Thursday, March 8, 2012
I'm in a relationship now. I've been hesitant to tell you this because of the way I almost certainly know you'll react to this news. But it would be impossible for me to have a meaningful relationship with you and not let you know about an important part of my life.
I love you very much. But unless you are willing to accept that I'm gay and treat me and my boyfriend with the respect we deserve I will not come home for Christmas, Thanksgiving, my birthday. I'm going to give you space to deal with your emotions. But I will not allow your intolerace to affect my happiness. I will not tolerate any attempt to hurt my relationship or guilt me into any action I am uncomfortable with.

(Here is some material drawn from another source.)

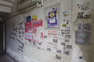 记者在越秀里几个单元里观察到,遍地的小广告有的只剩下模糊的轮廓,而大多数很清晰,覆盖在旧广告上,像补丁一样。“你看不到贴广告的人,他们都是夜里贴的。”住户们说。

You are my Mom and you mean the world to me. But I can't be false with you or anyone. I can't pretend that this doesn't exist and I won't allow you to pretend that I don't exist or that my relationship with another human being exists. It is an important part of me and my life, and unless you can respect that, I don't know how we are going to have a meaningful relationship.

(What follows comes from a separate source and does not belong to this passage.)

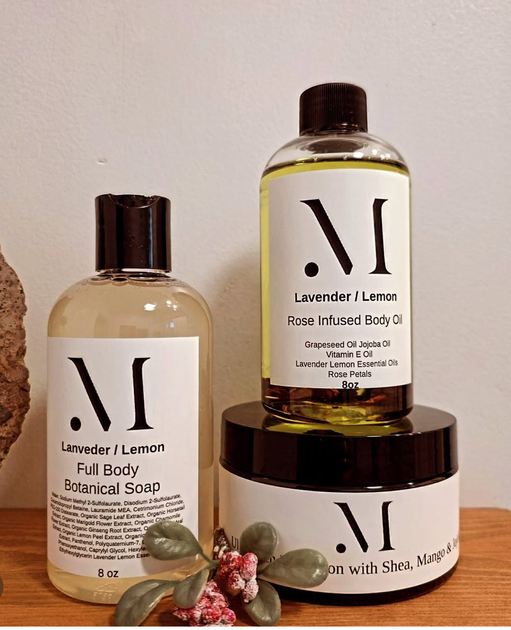 Envelope yourself in nourishing botanicals head to toe! Set includes liquid soap, Infused body oil, and ultra-rich hydrating body cream.

I am going to honor you know by not listening to ideas or prejudices that I know to be wrong and evil. I hope some day you will pray to God and ask him to tell you the truth so that you can have your eyes opened. I know you love me and will always love me, and I will love you. But I will not accept any attempt to hurt or damage my growing relationship and potential family. If you want to be a part of it, I will gladly accept you.
Note: This isn't the letter I actually sent. I agreed to let my brother tell my Mom that I'm dating someone. After a few days, she wrote me and told me she didn't know what to say and that how she felt was not quite resolved. Here is my response:
I'm happier than I've ever been. I wish that you would just be happy for me that my needs are being met and that I feel fulfilled in a relationship of trust, love, and commitment with another person. How you feel and what you think won't change or affect that, but I've been hesitant to talk to you because I was worried how you'd react. I hope that you will treat both him and me with respect. I want you to know that I will not tolerate any disrespect towards him, and I will hang up the phone or end the conversation (or ignore a message/letter/e-mail) if it turns to that.

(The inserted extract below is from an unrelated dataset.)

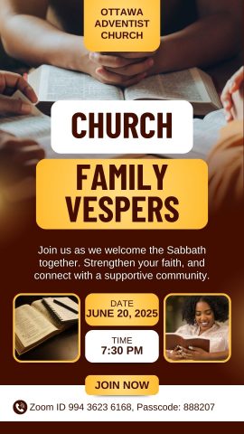 Join us at 7:30 p.m. for a blessed evening as we welcome the Sabbath together! This month, our cherished Elders will lead our Church Family Vespers. Invite a friend and come experience spiritual connection, fellowship, and heartwarming worship. We can't wait to see you there!

Wouldn't it be nice to live in a world where your son dates someone, a genuinely good person, and you feel happy for them? I know that if I'm ever a father I will. I'm going to love my son or daughter and I'm going to feel happy for them when things bring them joy and happiness. I'm going to want to share in them. And I'm going to love them, and tell them how happy I am for them, and how proud I am to have them as my child. I'm going to want to be there if they get married, and I'm going to want to share in their life, their joys, their sorrows, their pains. It shouldn't matter what gender or sexual orientation your children are or what gender or sexual orientation who they love are.